Kitabınızın ismi hakkında devam etmek istiyorum. Beynin Gölgeleri neyi ifade eder? Neden Beynin Gölgeleri?

Şimdi konuyla ilgili olanlar bilir, Roger Penrose’nun Shadows of The Mind adlı bir kitabı var. Bildiğim kadarıyla şimdilerde Türkçeye çevriliyor ya da çevrildi. Biraz ona nazire olarak konmuş bir başlık. Epey farklı sonuçlara ulaşıyoruz çünkü. Bence Penrose beyni iyi anlamamış, konusu değil zaten. Ama kitabın isminin Beynin Gölgeleri olmasının başka nedenleri de var. Kitapta beyne ait gibi gözükmeyen, tamamen farklı bir varlık tarzı gibi görünen öznel deneyimlerin, fenomenal yaşantıların beynin fizik ve kimya bilimleri tarafından incelemeyen temel bir özelliği olduğunu göstermeye çalıştım. Orda ‘gölgeler’ biraz da fenomenal yaşantılar anlamına geliyor.

Samir Zeki 2012 Türkiye’de düzenlenen bir nöro bilim toplantısında şöyle bir cümle kullanıyor “Beynin nöral faaliyetleri fenomenal bir dünya üretir.” Bu cümle üslup açısından da ifade ettiği soyutlama gücü itibariyle de leziz.
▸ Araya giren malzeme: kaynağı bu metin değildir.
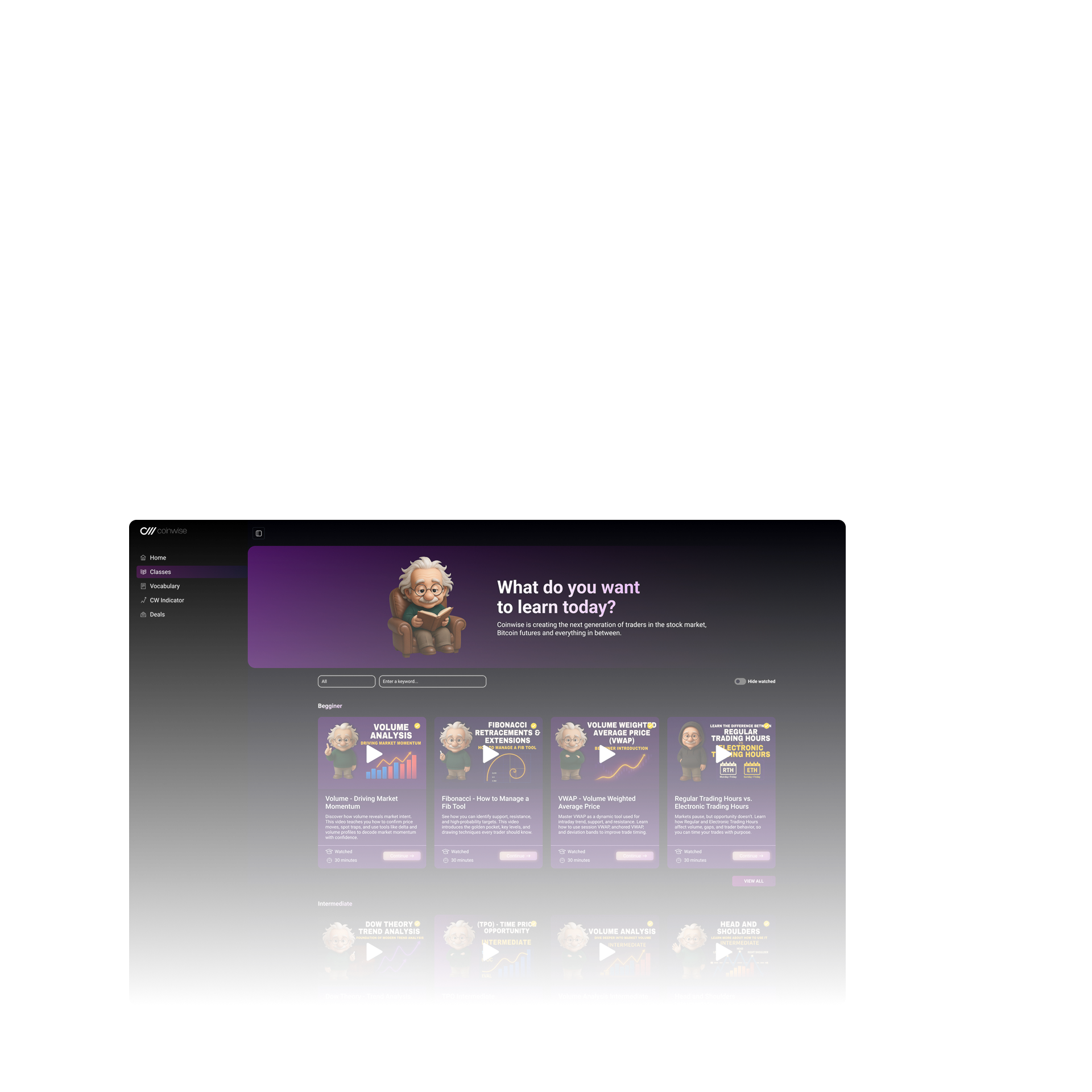 The Coinwise experience at a glance. Clear paths, real-time practice, community, rewards and docs. All in one flow.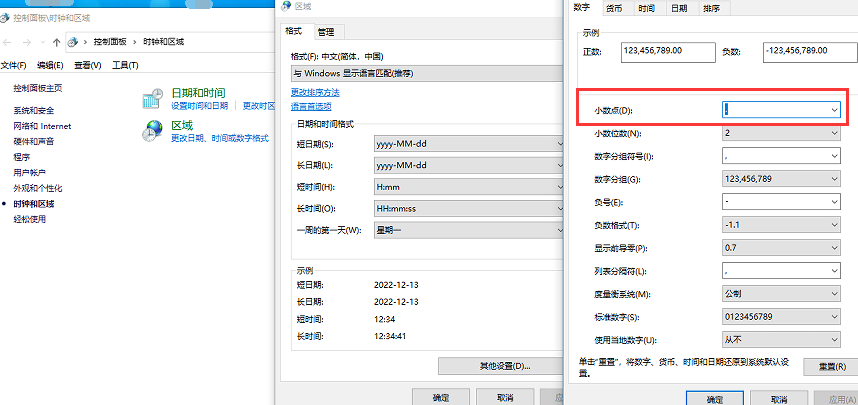 在系统的 控制面板 -> 时钟和区域 -> 更改日期 时间和数组格式 -> 其他设置 -> 数字 设置面板里 将小数点(D)属性设置一个点”.”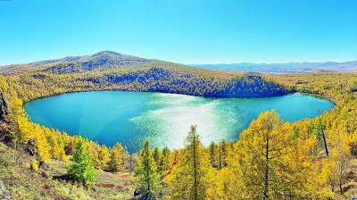 当下,内蒙古阿尔山国家森林公园秋意正浓,驼峰岭天池,漫山金黄、池水碧蓝,尽显秋色。本报记者 王旭东摄/光明图片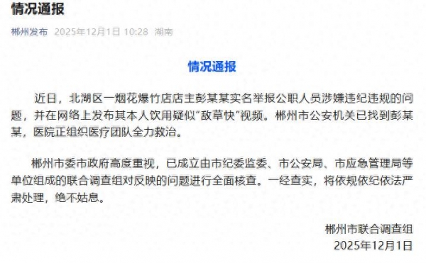 近日,北湖区一烟花爆竹店店主彭某某实名举报公职人员涉嫌违纪违规的问题,并在网络上发布其本人饮用疑似"敌草快"视频。郴州市公安机关已找到彭某某,医院正组织医疗团队全力救治。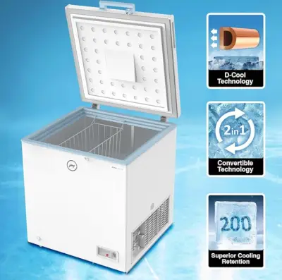 The Godrej DH EPenta 225D 1HCN RW is a 207 L manual deep freezer in White, designed for reliable frozen storage with manual defrost, sturdy construction, and ample space — perfect for homes, shops, or small businesses needing dependable cold preservation.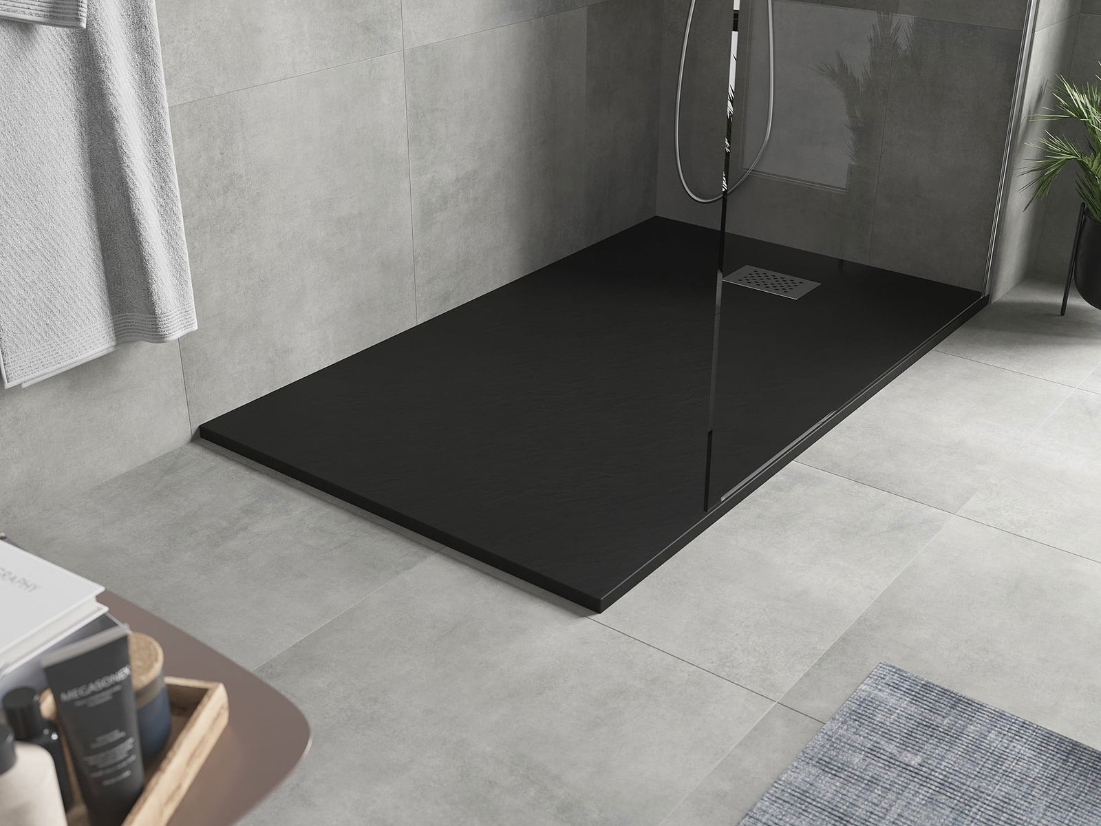 A superfície do tabuleiro do chuveiro assemelha-se a uma pedra na sua estrutura. Constitui uma combinação excecional de aparência natural com um design de interiores moderno. Adiciona caráter, realça a estética e a elegância da decoração da casa de banho e encanta com a sua forma.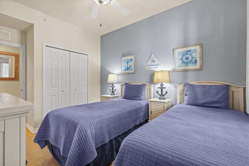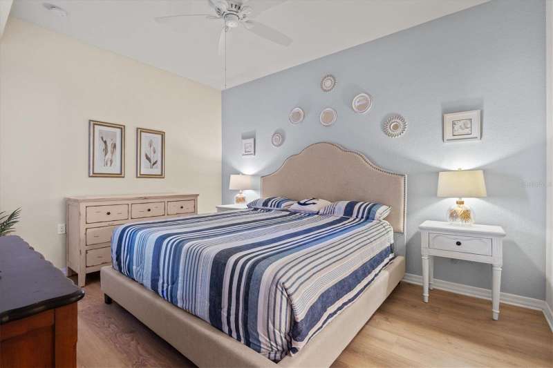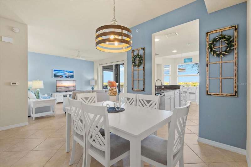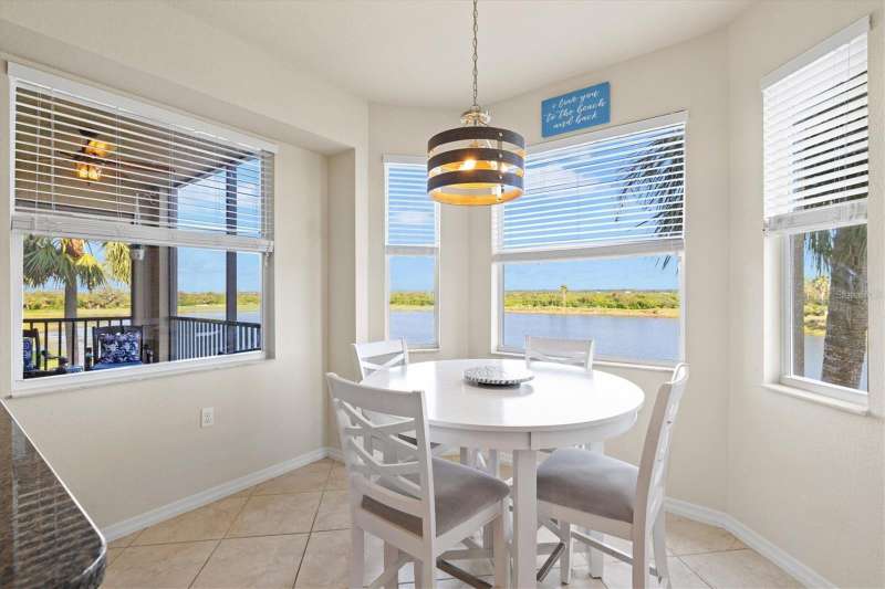 Enjoy sweeping third-floor views of the water and golf course from this fully furnished 2, bed, 2 bath condo in River Strand at Heritage Harbour. Soak in the Florida lifestyle with a screened lanai that provides the perfect place to relax and unwind. The kitchen is open to the living room and features an eat-in dining area as well as breakfast bar. White cabinets and granite countertops combined with stainless steel appliances provide a modern aesthetic. The primary suite features an en-suite bath and dual closets. Both bedrooms have been upgraded with luxury vinyl plank flooring, and the open floor plan allows natural light to fill the living areas. This condo includes full size washer and dryer and all furniture along with basic kitchen necessities and linens, making move-in day a breeze. Note that this is one of the few units with an oversized storage closet, adding coveted storage space for golf clubs, bicycles, beach chairs, etc. Ownership includes a full golf membership, granting access to the 27-hole championship course as well as tennis and pickleball courts, resort-style pools, and a modern fitness center. The River Strand Golf and Country Club is currently undergoing an $8.5 million renovation, focusing on upgrades to the golf courses, clubhouse, and dining facilities. Even during these enhancements, members enjoy regular access to a variety of pools, athletic courts, casual and formal dining, and vibrant social programming. The community is ideally positioned close to daily shopping, healthcare, and dining, with the sandy beaches of Anna Maria Island just a 30-minute drive away. Sarasota-Bradenton International Airport can be reached in under 30 minutes, and quick access to I-75 connects the neighborhood to downtown Bradenton, Sarasota, Tampa and other Gulf Coast destinations.

Diğer bir açıdan da sekizinci bölümün açılış cümlesi. Çalışmanızı özetleyen bir cümle mi?

Samir Zeki dünyanın en büyük nöro-biyologlarından biri. Türkiye’de de sık sık konuşmalar yapar, bilimsel toplantılara katılır. Birçok dil bilir, Türkçeyi de biraz bilir. Türkiye’de bilimsel bir toplantıda yaptığı bir konuşmada o cümleyi kurdu. Ben de tam o dönemde düşüncelerimi doğru bir şekilde ifade etmemi sağlayacak bir kavram, bir kelime arıyordum. Düşündüğüm şeye denk gelecek, onu karşılayacak bir kavram geliştireyim ki “bilinç” kavramını kullanmadan fenomenal yaşantılardan söz edebileyim. Çünkü bence günümüzde yapılan çalışmalarda ‘fenomenal bilinç’ kavramının kullanması yanlış düşünmeye sevk ediyordu bizi. Zeki sayesinde istediğim kavramı bulmuş oldum: ‘fenomenal bilinç’ değil, bilinci de içerecek şekilde düşünülebilecek ‘fenomenal dünya’.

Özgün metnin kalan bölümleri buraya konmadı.